The correlation between the actual value of goat milk (a) and cow milk (b) with FTIR predicted values facilitated by partial least square calibrations.

PLSR using normal FTIR spectra at combined wavenumber region of 3800-3000 and 1500-1000 offered R2 for a relationship between actual values of CM and FTIR predicted values of 0.9984 for calibration and 0.9931 for validation models with low errors of RMSEC of 0.0164 and RMSEP of 0.0336 during authentication of HM from CM. These results suggested that FTIR spectroscopy in combination with LDA and PLSR is an effective means for authentication of HM from GM and CM. The close relationship between actual values of CM (x-axis) and FTIR predicted values (y-axis) existed (Figure 7(b)) meaning that the PLSR method is adequate to detect and predict the level of GM and CM in HM samples. From the residual analysis, it is clearly obtained that errors occurring during PLSR modeling of GM and CM as adulterants were negligible because no systematic errors were observed [26]. The residual analysis also demonstrated that there is no outlier data observed in the model.

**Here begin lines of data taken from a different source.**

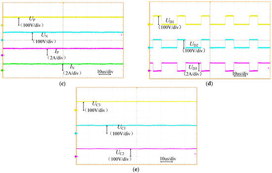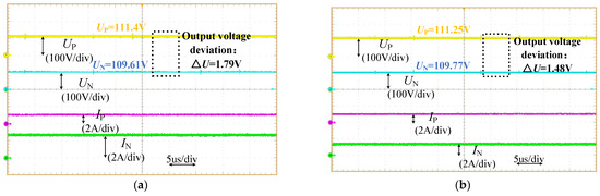 The experimental waveforms are illustrated in Figure 7. As revealed by the experimental results, when the output power deviation is 200 W, the voltage deviation reaches 1.79 V with a VUF% of 0.8%. When the output power deviation reduces to 100 W, the corresponding values of voltage deviation (1.48 V) and the VUF% (0.67%) are observed. These findings effectively validate that the proposed converter exhibits outstanding self-balancing characteristics.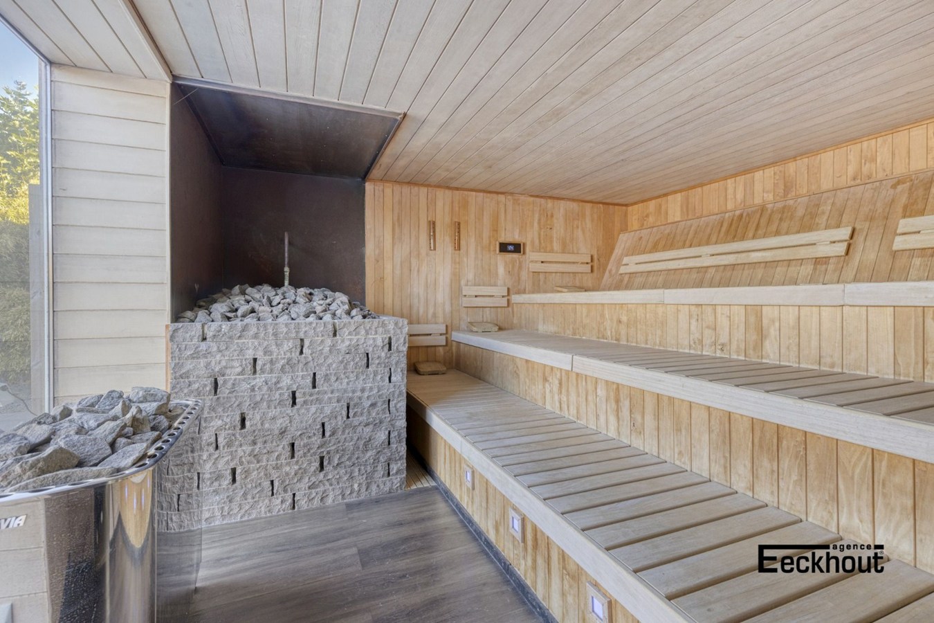 Het gelijkvloers bestaat momenteel uit een restaurant /verbruikzaal, keukenruimte met ruime berging/voorraad en kleedkamers. Er is tevens een binnenzwembad dat in rechtstreekse verbinding staat met een sauna, bio-sauna, 2 stoombaden, whirlpool en verzorgde sanitaire voorzieningen. Ook zijn er aparte ruimtes voorzien, momenteel als massage- en verzorgingsruimtes, die kunnen worden ingericht als bijkomende kantoor-/bureauruimte. Vanaf het binnenzwembad bieden grote raampartijen toegang tot dé grote troef van dit pand, de fantastische tuin met buitenzwembad en ligweide. Een oase van rust en privacy zonder inkijk.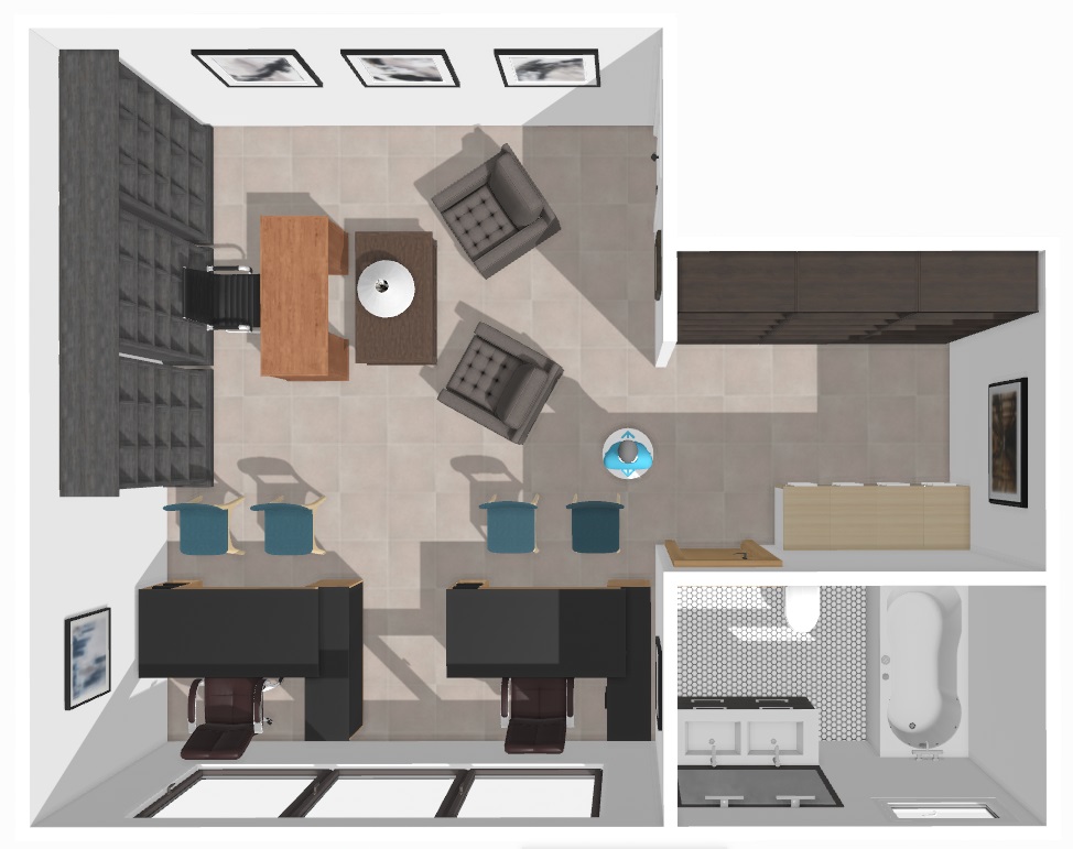 Oficina de un solo ambiente con baño privado.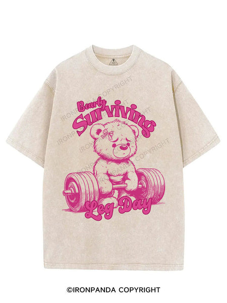 BEARLY SURVIVING LEG DAY VINTAGE GYM SHIRT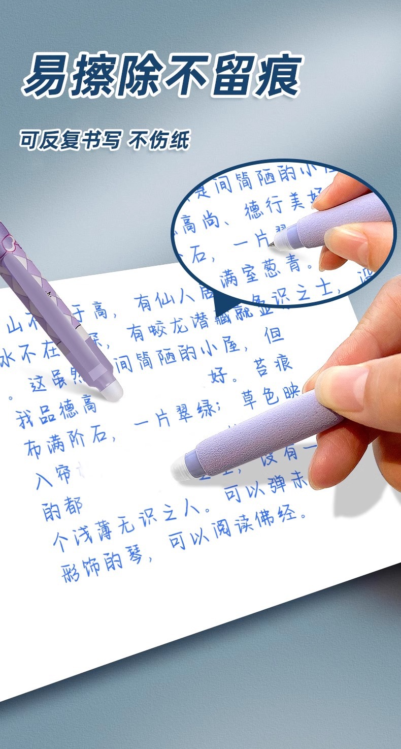 按动可擦笔芯中性笔晶蓝色热可擦3-5年级小学生用热魔摩磨易擦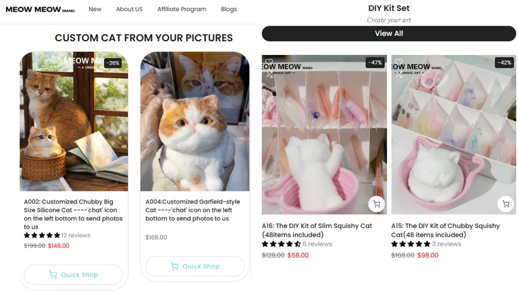 对比 Amazon 上普遍售价 15 美元左右的捏捏,目前,「Meow Meow Wang」的定制款捏捏的价格在 120-170 美元。根据不同的猫咪品种、规格大小,品牌也提供 40-88 美元的普通款捏捏;以及针对热爱手工的用户,推出了 68-98 美元的 DIY 套装。但从用户留言来看,消费者显然对 120+美元的定制捏捏更感兴趣。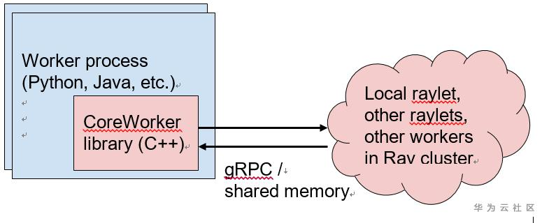 - 所有Ray核心组件都是用C++实现的。Ray通过一个名为“core worker”的通用嵌入式C++库支持Python和Java。此库实现ownership表、进程内存储,并管理与其他工作器和Raylet的gRPC通信。由于库是用C++实现的,所有语言运行时都共享Ray工作协议的通用高性能实现。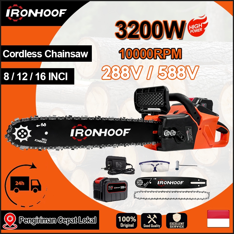 IRONHOOF 16 INCI GERGAJI MESIN 588V GERGAJI LISTRIK GERGAJI BATERAI GERGAJI RANTAI ELEKTRIK MINI CORDLESS CHAINSAW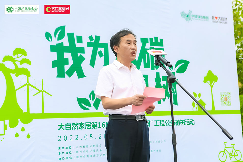 現(xiàn)場(chǎng),江西省林業(yè)局二級(jí)巡視員胡加林、贛州市南康區(qū)區(qū)委書記何善錦、贛州市林業(yè)局局長(zhǎng)葉日山、贛州市南康區(qū)人大主任賴彥辰、贛州市南康區(qū)政協(xié)主席鐘恢森、江西省林業(yè)局三級(jí)調(diào)研員劉強(qiáng)、大自然家居(中國)有限公司董事會(huì)主席佘學(xué)彬、大自然家居(中國)有限公司董事會(huì)副主席袁順意、大自然家居(中國)有限公司集團(tuán)CEO 朱鳳濤、南康區(qū)四套班子相關(guān)領(lǐng)導(dǎo)、干部職工代表、大自然家居高層管理團(tuán)隊(duì)成員、新聞媒體記者以及愛心環(huán)保志愿者們等參加了本次活動(dòng)。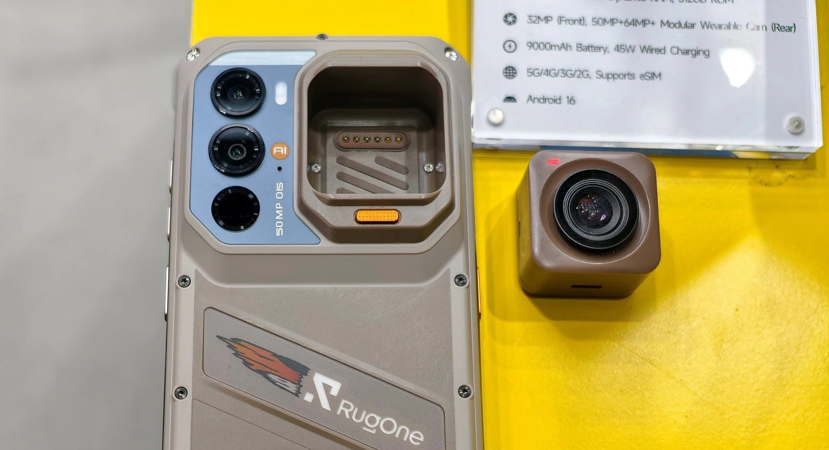 A RugOne Xsnap 7 Pro azzal hívta fel magára a figyelmet, hogy a hátulján a kameramodul egyik tagját egyszerűen ki lehet emelni a helyéről. Különálló akciókameraként lehet használni a képalkotót.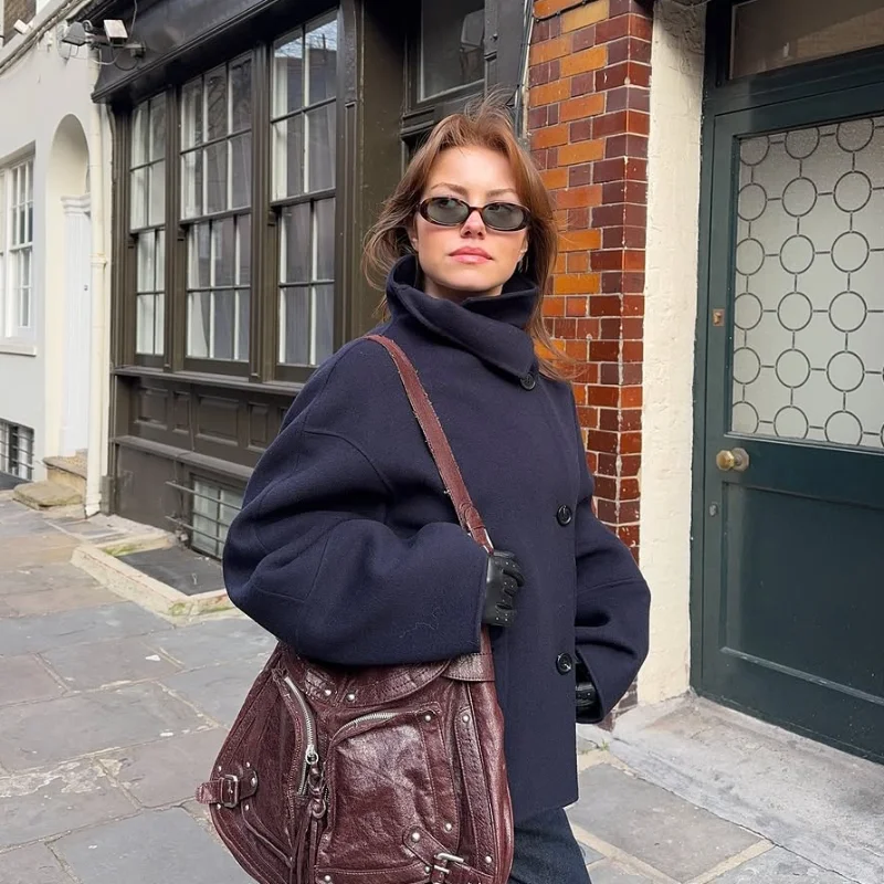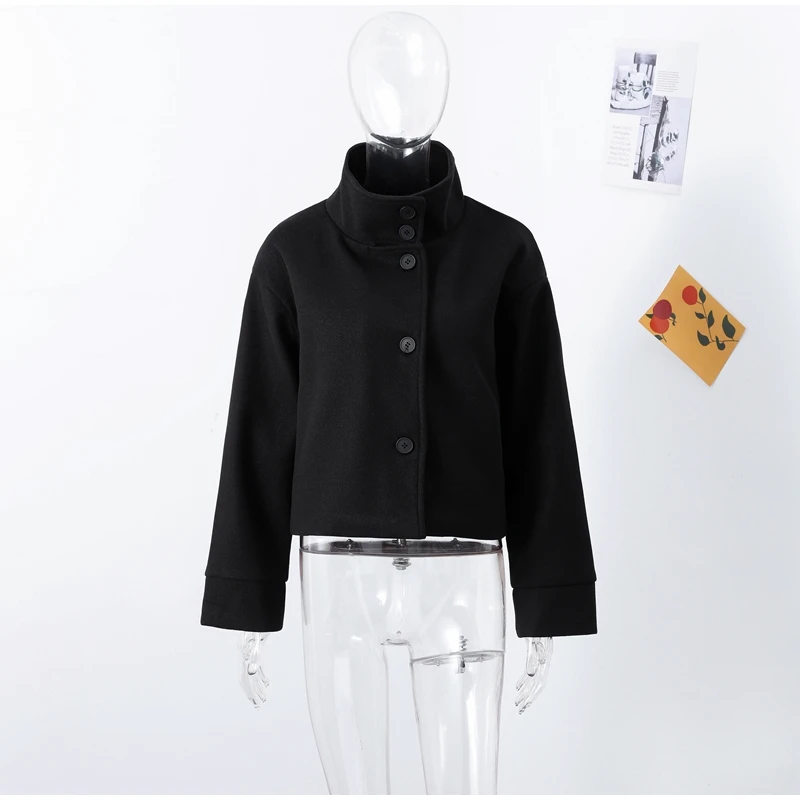 Elegant Stand Collar Woolen Jacket For Women Y2K Single Breasted Button Pockets Coat Lady 2025 Autumn Winter Street Chic Outwear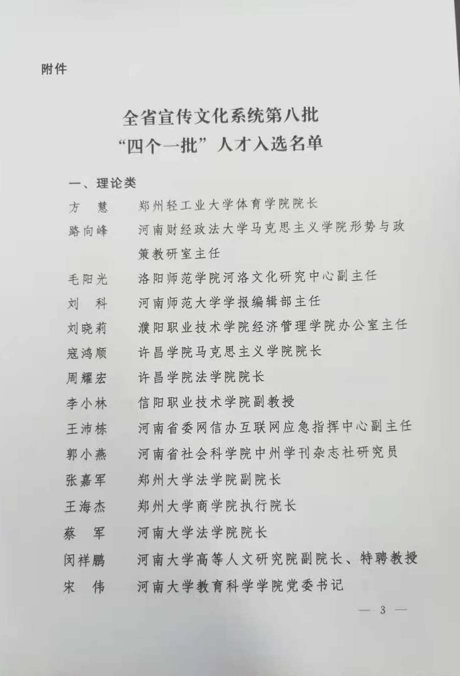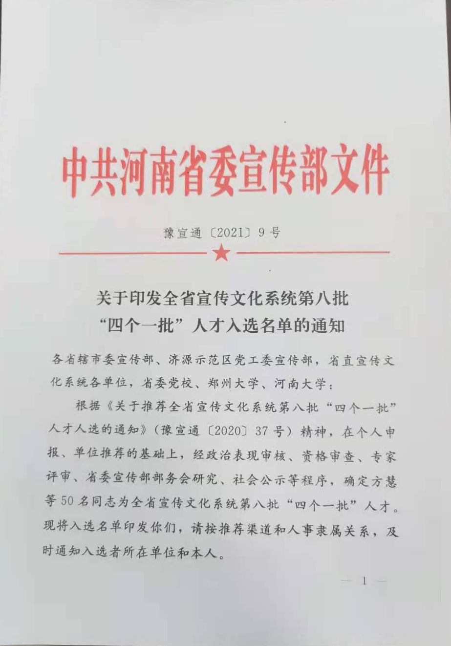河南高等教育教学改革研究与实践项目成果展示三:课题组成员方慧教授被授予中共河南省委宣传部“四个一批”人才称号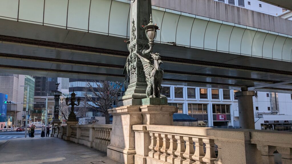 日本橋の中央に目を向けると、日本橋の高欄中央部にある青銅製の「麒麟の像」が姿を現します。いつ見てもかっこいいですね。少し怖い感じもありますが。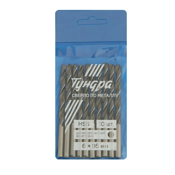 Сверло по металлу ТУНДРА, HSS, цилиндрический хвостовик, 6×95 мм,10 шт. — Характеристики

Infrared spectroscopy predicted the fatty acid profile along with other milk components according to the vibration of functional groups [21]. Discriminating technique coupled with spectroscopy method could monitor for preselection of milk suppliers from adulteration. Moreover, FTIR spectra using the optimized condition could also provide accurate and precise results for the prediction of GM and CM as adulterants in HM. From the above results, it suggested that FTIR spectroscopy combined with chemometrics could be used as a fast analytical technique for authentication of horse milk from its adulterants (GM and CM). It offers simplicity in sample preparation because it can be used for direct authentication of fresh milk samples and green analytical technique due to less solvent requirement and provides high reproducibility. Additionally, this method is also less expensive than the gas chromatography (GC) technique as the common method for milk authentication through fatty acid analysis. Despite its advantages, this method also has drawbacks such as the developed model is only suitable for the same type of samples. It means that for different samples with different matrices, a new calibration model is required to be developed. In any case, the FA profiling using GC-FID is more validated than FTIR spectra to investigate different geographic origins [27]. According to the advantages and disadvantages of the developed method, this method could be used as a promising method for milk authentication because the advantages outweigh the disadvantages.

4. Conclusion

FTIR spectra in combination with chemometrics of linear discriminant analysis (LDA) were successfully applied for the classification between authentic horse milk (HM) and HM adulterated (GM and CM) without any misclassification observed. In addition, PLSR could provide the quantitative analysis of adulterants (GM and CM) reliably. The developed method is a fast and green analytical technique because it avoids the use of chemicals and solvents.